### [Input]
━━━━━━━━━━━━━━━━━━━━━━━━━━━━━━

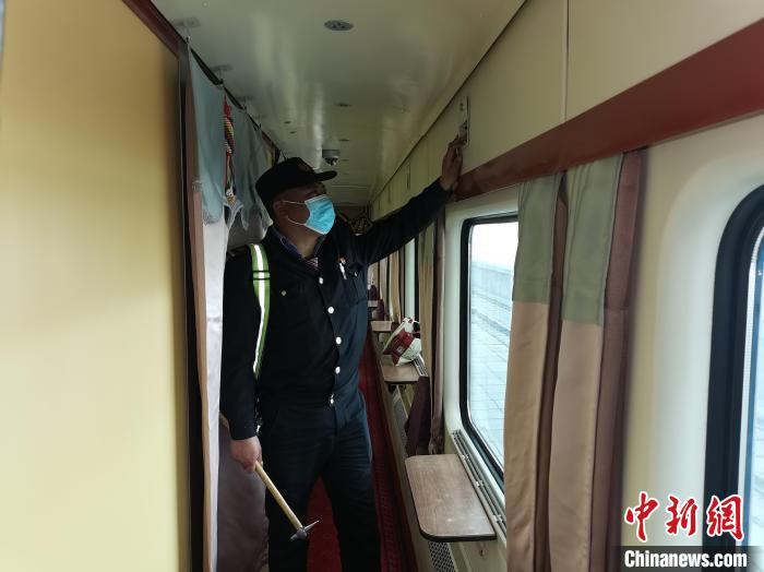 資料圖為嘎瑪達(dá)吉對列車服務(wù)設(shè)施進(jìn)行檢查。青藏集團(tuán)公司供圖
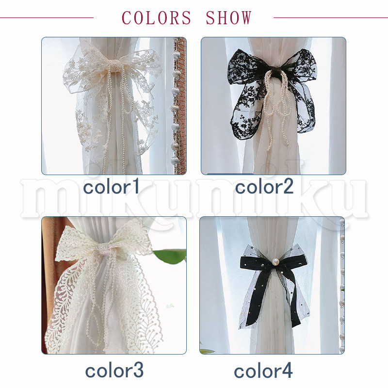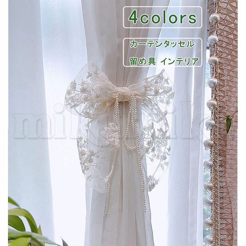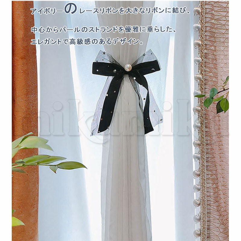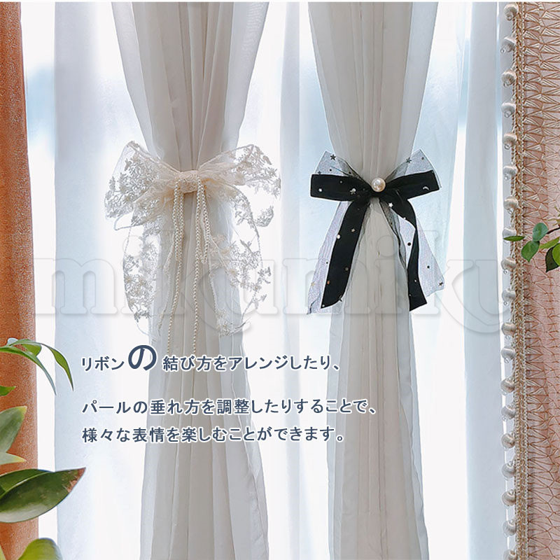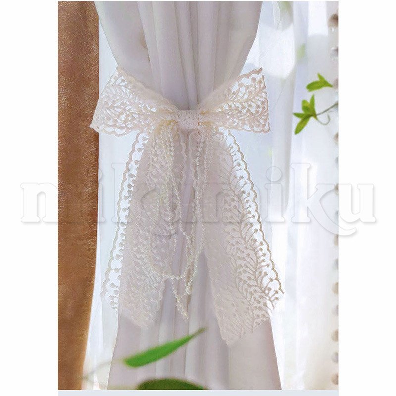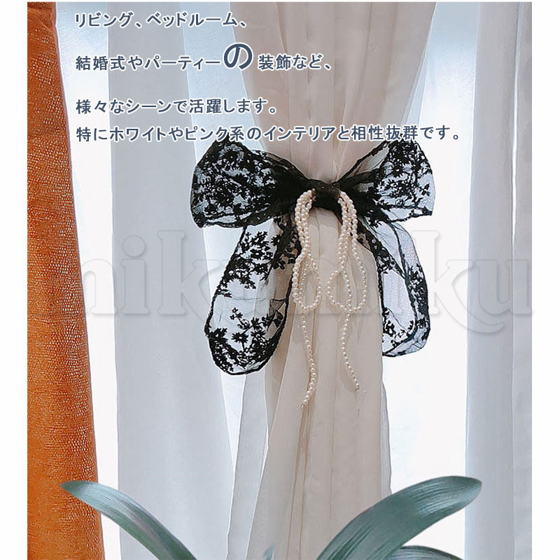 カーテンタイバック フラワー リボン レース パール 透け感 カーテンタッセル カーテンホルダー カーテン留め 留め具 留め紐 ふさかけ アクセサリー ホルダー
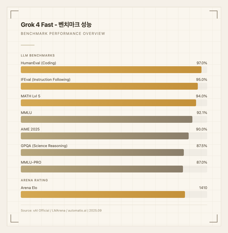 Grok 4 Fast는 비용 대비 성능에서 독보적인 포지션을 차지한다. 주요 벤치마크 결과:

━━━━━━━━━━━━━━━━━━━━━━━━━━━━━━

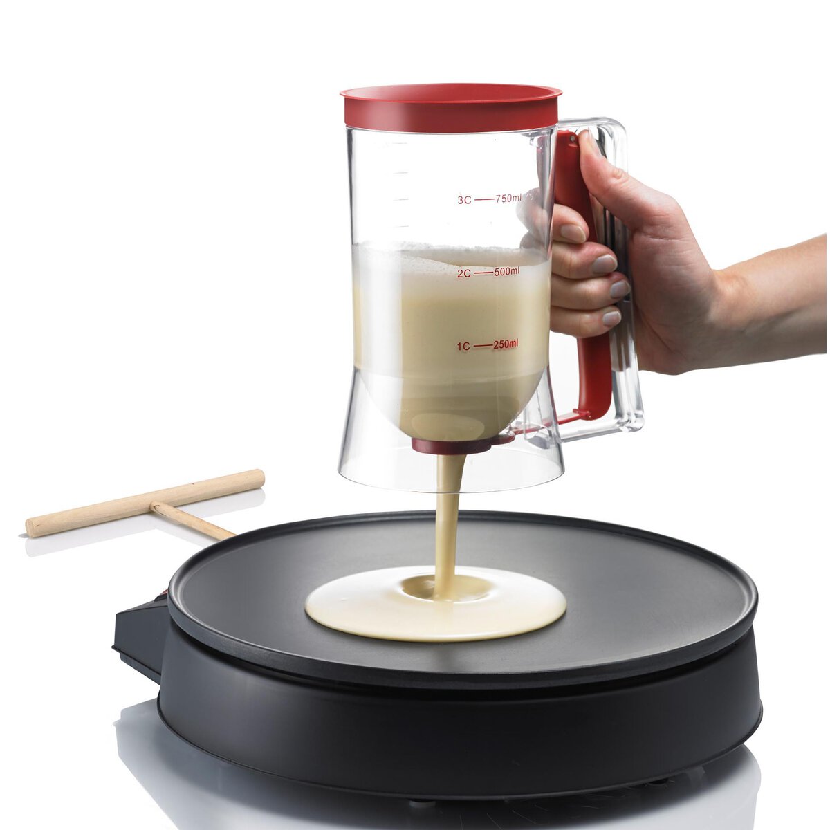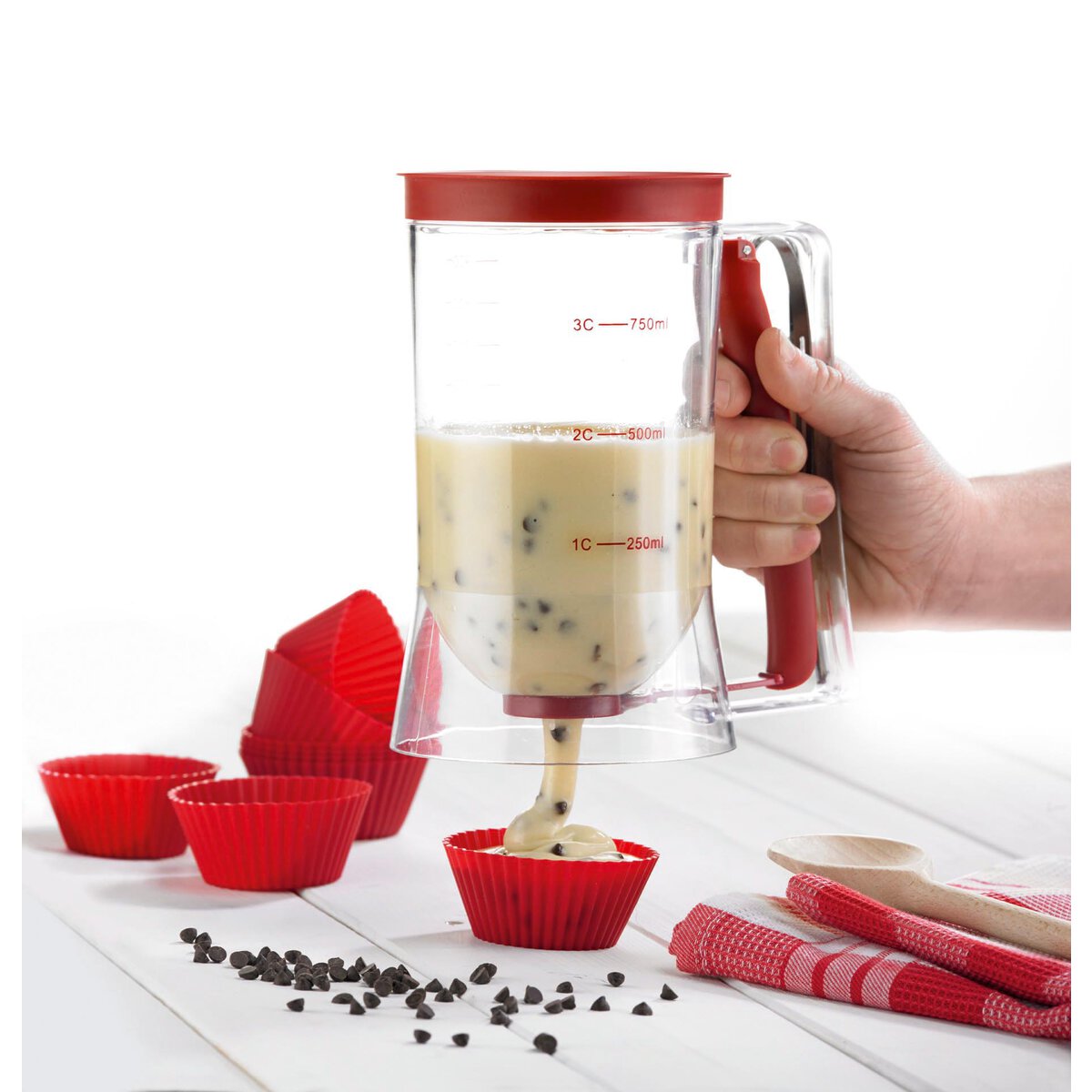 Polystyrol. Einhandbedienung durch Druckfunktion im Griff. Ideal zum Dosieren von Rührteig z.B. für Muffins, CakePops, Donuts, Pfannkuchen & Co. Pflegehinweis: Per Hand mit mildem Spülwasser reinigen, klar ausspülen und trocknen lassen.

━━━━━━━━━━━━━━━━━━━━━━━━━━━━━━

### [Problem to work on]
Copy word for word the lines of the records above from the one with "資料圖為嘎瑪達(dá)吉對列" up to and including the one with "Grok 4 Fast는". Skip the pictures.

### [Worked solution]
 資料圖為嘎瑪達(dá)吉對列車服務(wù)設(shè)施進(jìn)行檢查。青藏集團(tuán)公司供圖
 カーテンタイバック フラワー リボン レース パール 透け感 カーテンタッセル カーテンホルダー カーテン留め 留め具 留め紐 ふさかけ アクセサリー ホルダー
 Grok 4 Fast는 비용 대비 성능에서 독보적인 포지션을 차지한다. 주요 벤치마크 결과:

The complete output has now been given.